So Mezapa's cool I guess.  We're literally in a little town in the middle of nowhere.  But there's still a Chinese restaurant and a bakery that sells really good donuts so I think I'll be okay.  There aren't any laundromats like there were in Ceiba, so I'm back to washing all my clothes by hand.  My favorite thing ever!!!!!!!!!!!!!!!!!!  -__________-  I washed clothes this morning and now my hands are all hurt and blistered and peeling.  #gringaproblems. 
My companion's name is Hermana Vergara.  She's from Mexico and has been on her mission for 7 months.  She's super fun and likes to eat cake, so we get along just fine.  She's only been here in Mezapa for a month, so she doesn't know the area that well yet, so we've been doing lots of exploring and meeting lots of new people. 
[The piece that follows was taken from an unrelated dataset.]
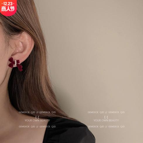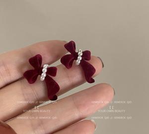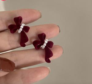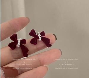 Bông tai ngọc trai nơ nhung đỏ tía mùa thu / đông năm 2021
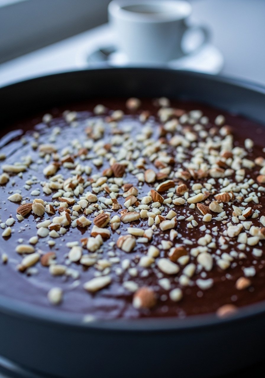 - Scatter chocolate chips, cocoa powder, and sliced almonds across the top.

On Thursday we met a woman named V.  We met her contacting!  And we had an amazing experience with her.  We knocked on her door (o sea, we stood and yelled "BUENAS" outside her house), she let us in, and we started talking.  Her family is Catholic, but she doesn't attend any church because she feels like organized religion is full of pride and corruption.  She told us that she was meeting with the Mormon missionaries a couple of years ago, but nothing ended up happening.  I told her that it wasn't a coincidence that we knocked on her door, that everything happens for a reason, and she said, "I know.  Before you guys got here, I was praying to God about a personal problem that I've been having.  I asked Him for guidance and answers, and then you came over.  I know that he sent me you two angels as an answer to my prayer."  We felt the Spirit so strongly in that moment. And when I invited her to pray that night to ask God if our message was true, she said, "I don't need to ask.  I know it's true.  I can feel it."  And then we challenged her to be baptized, and she accepted.
#SCORE #casual #thechurchistrue
It rained a lot this week.  Like a lot a lot.  Like 5 days of constant rain.  And the streets here are literally rivers when it rains.  I'm not even kidding.  It was raining so hard one night that we had to go home early.  We were about five or six blocks from our house, and the water was all brown and yucky and almost up to our knees.  So there we were, casually walking/swimming home.  I felt like Bear Grylls (SIDE NOTE: I actually really am Bear Grylls because I'm pretty sure I ate pig brain this week.  We went over to visit this family and they were all like, "HERMANAS EAT THE FOOD," all Napoleon-Dynamite-when-he's-feeding-Tina-style, and then they started scraping meat of the bone which I realized mid-chew was actually a skull.  In my past life, I probably would have thrown up, but Honduras changes you, so I took seconds instead*.  Take that Bear Grylls).  But anyway, there was a lot of rain and a lot of water in the streets, and I was about ready to call up Moses and have him come down and divide the Mezapa Sea so Hermana Vergara and I could cross on dry ground.  Ha.  Ha.  Ha. -_-  Bu anyway, I was going to take a picture, but then I changed into my pajamas and made hot chocolate and read the Book of Mormon instead (#superrighteous #spiritual #whitemormongirl), so I guess you'll just have to take my word for it.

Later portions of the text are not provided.